What you should do:
Copy each line of the records below that has "Platz" in it.

[[ Records for the exercise open ]]

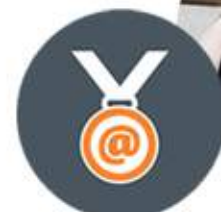
Guayoyo Marketing Academy
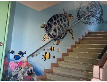
【2号館の階段の壁(1階)】
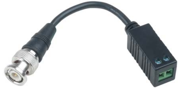
Рис.1 Внешний вид ТТР111VE, ТТР111VEL
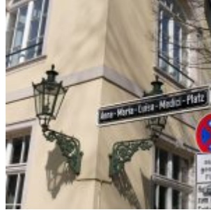
Am Anna-Maria-Luisa-Medici- Platz
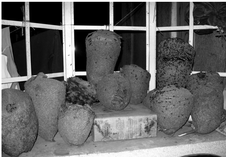
FOTO 1. Panales colectados por panaleros de Cherán (2008).

Predomina el uso genérico de nombre panal o khuipu , aunque algunas diferencias entre ellos se traducen en nombres distintos. El panal está hecho de tierra, agua, fragmentos de flores, hojas y corteza. A las uauapu les gusta morder la corteza del madroño o panangsi ( Arbutus xalapensis ) ya que la masa que obtienen de ella es más resistente y maleable.
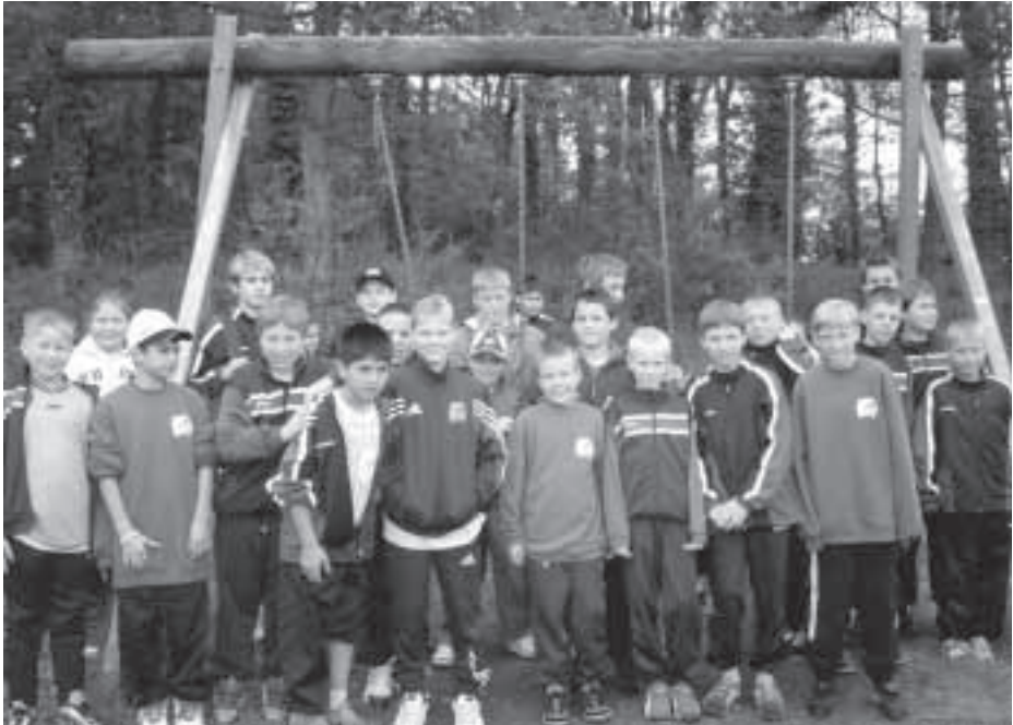
Teilnehmer des MFC

Bei dem wahnsinns Turnier in Zerf unterlagen wir lediglich im Endspiel dem Verein Eintracht Trier und belegten somit den 2ten Platz. Unsere D 2 wurde 4ter und die E-Jugend belegte auf dem D-Jugend-Turnier den 5. Platz.
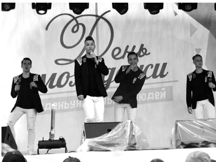
Мужской вокальный коллектив «Sample» радовал зрителей популярными песнями.
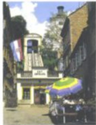
Der bequemste Weg von der Unter- in die Oberstadt führt per Zahnradbahn durch die Tomićeva.

Dabei genügt schon ein Blick aus der Vogelperspektive, um zu erkennen, was für städtebaulicher Schatz hier, eingerahmt vom Fluss Save und dem Medvednica-Berg, seiner Entdeckung harret. Vom Aussichtsbalkon des Lotrščak-Turmes [1] zum Beispiel, einem Relikt der mittelalterlichen Befestigungsanlage, präsentieren sich die drei Bezirke des historischen Zentrums wie auf dem Servierbrett: die bürgerliche, einst durch eine Burg geschützte Oberstadt namens Gornji Grad ; vis-à-vis, von der neogotischen Kathedrale überragt, das bischöfliche Kaptol , und zu Füßen der beiden Hügel die Unterstadt ( Donji Grad ) – das im späten 19. Jahrhundert schachbrettartig angelegte, von viel Grün durchsetzte altneue Zagreb.

[[ Records for the exercise closed ]]

Result:
Am Anna-Maria-Luisa-Medici- Platz
Bei dem wahnsinns Turnier in Zerf unterlagen wir lediglich im Endspiel dem Verein Eintracht Trier und belegten somit den 2ten Platz. Unsere D 2 wurde 4ter und die E-Jugend belegte auf dem D-Jugend-Turnier den 5. Platz.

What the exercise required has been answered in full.